Antes de tener los análisis, el cansancio era confuso. Podía ser de todo: falta de sueño, exceso de trabajo, mala semana. Esa ambigüedad es agotadora, porque sin explicación la mente tiende a ir al peor lugar disponible.
Que suele ser una misma.
Tener una causa concreta cambia algo fundamental. No resuelve todo de inmediato. El hierro tarda semanas en recuperarse. Las mejoras son progresivas. El cuerpo no vuelve a rendir de un día para otro.
Pero dejas de pelear contra una sombra.
Y luego está la vocecita.
En medio del colapso físico y mental en aquella subida, con el cuerpo literalmente sin batería, seguía sonando: dale, sigue pedaleando.
Creemos que la fuerza de voluntad lo puede todo. Que rendirse es fracasar. Que parar es de débiles.
Pero no toda insistencia es valentía. A veces es simplemente no saber leer lo que está pasando.
Saber detenerse también es una habilidad.

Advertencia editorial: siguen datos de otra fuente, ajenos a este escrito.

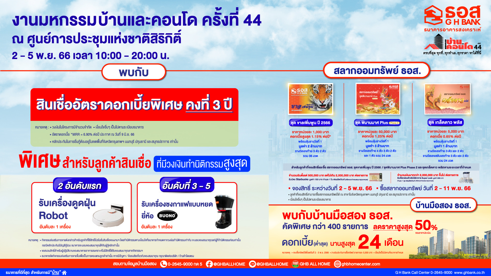 ทั้งนี้ ลูกค้าที่ใช้บริการผลิตภัณฑ์ทางการเงินตามเงื่อนไข และระยะเวลาที่ธนาคาร กำหนดจะได้รับของสมนาคุณฟรีอีกมากมาย โดยงานมหกรรมบ้านและคอนโด ครั้งที่ 44 จัดขึ้นระหว่างวันที่ 2 – 5 พฤศจิกายน 2566 ณ ศูนย์การประชุมแห่งชาติสิริกิติ์ สอบถามรายละเอียดเพิ่มเติมได้ที่ G H Bank Call Center โทร 0-2645-9000 หรือ Facebook Fanpage ธนาคารอาคารสงเคราะห์ และติดตามข่าวสารของธนาคารได้ที่ Mobile Application : GHB ALL GEN และ www.ghbank.co.th.-สำนักข่าวไทย

Y muchas veces, la más difícil.
No todo golpe es una derrota. No todo ajuste es una pérdida. Escuchar al cuerpo cuando habla claro no es rendirse. Es la decisión más inteligente que puedes tomar.
Este caso tuvo un desenlace concreto porque hubo un equipo detrás.
Una médica deportóloga que supo interpretar los valores y pautó un tratamiento específico al contexto deportivo. Un entrenador que reconoció los límites de su rol y supo cuándo derivar. Y un entorno, familia incluida, que acompañó sin añadir presión cuando el cuerpo ya tenía suficiente.
Eso no siempre ocurre. Y cuando ocurre, marca la diferencia.
El rendimiento sostenible rara vez es un logro individual. Detrás de quien rinde bien durante años casi siempre hay alguien que ayuda a interpretar, alguien que acompaña en los peores momentos y alguien que no convierte cada bajón en una crisis de identidad.
Esta historia termina bien: diagnóstico claro, tratamiento en marcha, suplementación -y nutrición - ajustada, equipo coordinado. Una hoja de ruta concreta donde antes solo había confusión.
Pero lo que más me queda no es el protocolo.
Es ese momento en que la explicación encajó. Cuando lo que había sido confuso durante semanas de repente tenía lógica. Cuando el cansancio dejó de parecer un defecto de carácter y se convirtió en información.
A veces lo más útil que puede hacer un entrenador no es diseñar el plan.
Es ayudarte a entender por qué el cuerpo hace lo que hace.
Eso es lo que trabajamos en Más Que Vatios. Un acompañamiento que no separa la carga física de todo lo que ocurre dentro y alrededor del cuerpo.
Si eso resuena, escríbeme.
Santiago ⚡️
Especialista en Rendimiento



Triste realidad ,justificar fracasos, cansancio ,falta de concentración, dolores de cuerpo. sin atreverse a conocer los verdaderos motivos. El cuerpo va dando señales, que no debemos ignorar, no es Ya pasará, sino Como y Cuando???
En el caso del deporte, y en la rutina diaria de la vida, no debemos pasar por alto estas señales ,pedir ayuda a profesionales con conocimiento que harán empatía con nosotros ,son los indicados para la consulta. Buena Semana!!!!!!